[Records for this task]

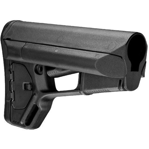 Product descriptionThe patented Magpul ACS (Adaptable Carbine/Storage) – Commercial-Spec Model is a drop-in replacement buttstock for AR15/M16 carbines using commercial-spec sized receiver extension tubes. A streamlined, anti-snag profile shields the release latch to prevent accidental activation. Similar to the Magpul CTR®, the ACS also features a supplemental friction lock system that minimizes excessive stock movement for enhanced weapon stability and accuracy*. Dual, rear accessible, water-resistant battery storage tubes and an integral storage compartment in the butt of the stock provides multiple storage options. The ACS comes standard with a 0.30" thick rubber butt-pad which provides positive shoulder purchase to prevent slippage even with body armor or modular gear.
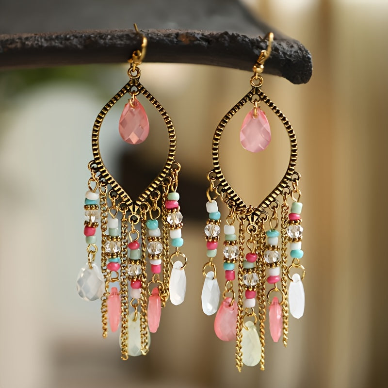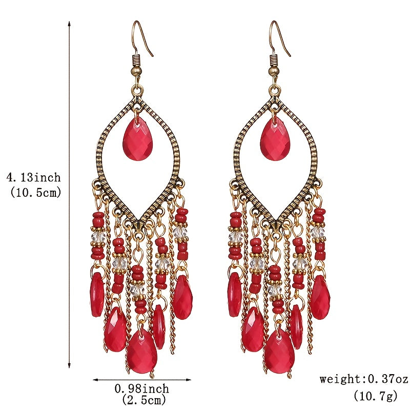 Embrace vintage charm with these long tassel earrings featuring a retro water drop design. Perfect for adding a touch of antique elegance to any outfit.
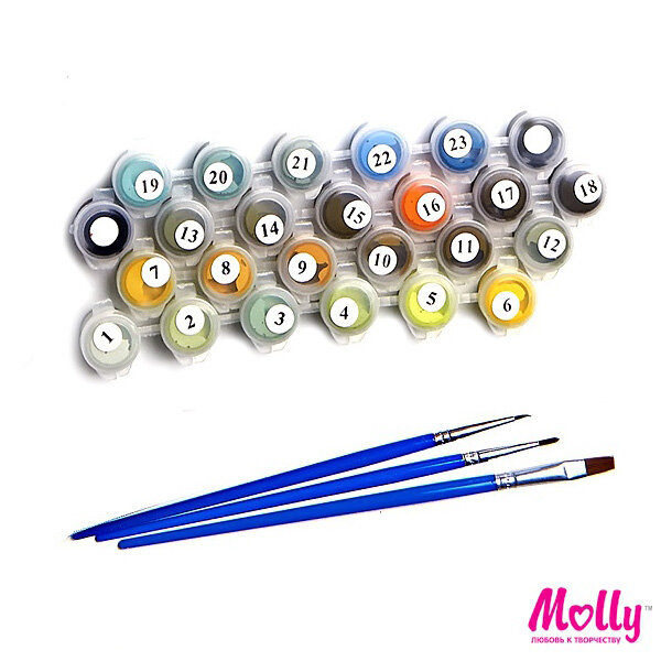 | Комплектация | прогрунтованный холст из натурального хлопка на деревянном подрамнике, нейлоновые кисти трех размеров 3 шт., акриловые краски, устойчивые к выцветанию, петли и саморезы для крепления на стену, контрольная схема |
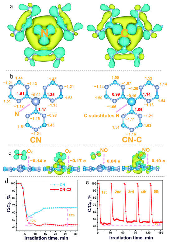 Charge difference distribution (a) and carried electrons (b) of pristine g-C3N4 and C self-doped g-C3N4, charge difference distribution of optimized O2/NO adsorption on pristine g-C3N4 and C self-doped g-C3N4 (c); the photocatalytic NOx removal performance of pristine g-C3N4 and C self-doped g-C3N4 (d); and cycling stability of C self-doped g-C3N4 (e) [41]. Copyright 2018, Royal Society of Chemistry.
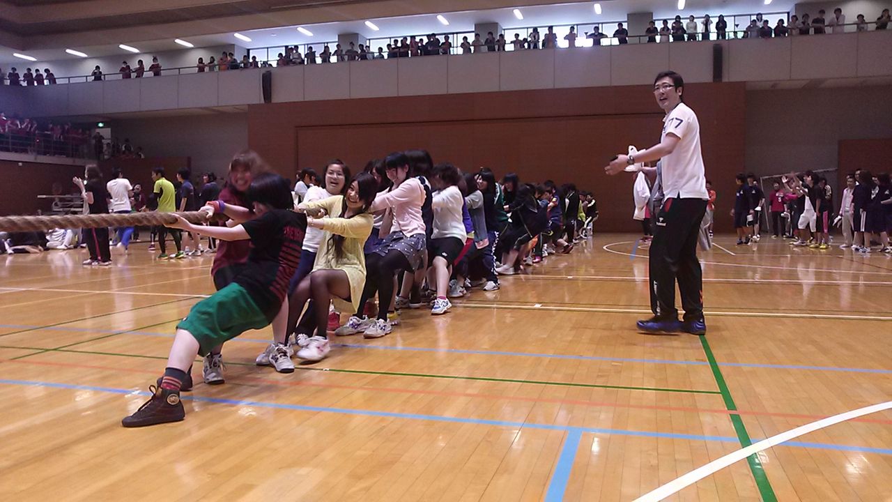本日、体育祭実施中です。カレッジ対抗綱引きが行われています。テクノロジーカレッジチームは、Bチームは負けてしまいました。残念

[/Records for this task]

Copy out exactly the lines between the line containing "контрольная схема |" and the end of the entries, including both, and leave the pictures behind.

- Solution to this problem
 | Комплектация | прогрунтованный холст из натурального хлопка на деревянном подрамнике, нейлоновые кисти трех размеров 3 шт., акриловые краски, устойчивые к выцветанию, петли и саморезы для крепления на стену, контрольная схема |
 Charge difference distribution (a) and carried electrons (b) of pristine g-C3N4 and C self-doped g-C3N4, charge difference distribution of optimized O2/NO adsorption on pristine g-C3N4 and C self-doped g-C3N4 (c); the photocatalytic NOx removal performance of pristine g-C3N4 and C self-doped g-C3N4 (d); and cycling stability of C self-doped g-C3N4 (e) [41]. Copyright 2018, Royal Society of Chemistry.
本日、体育祭実施中です。カレッジ対抗綱引きが行われています。テクノロジーカレッジチームは、Bチームは負けてしまいました。残念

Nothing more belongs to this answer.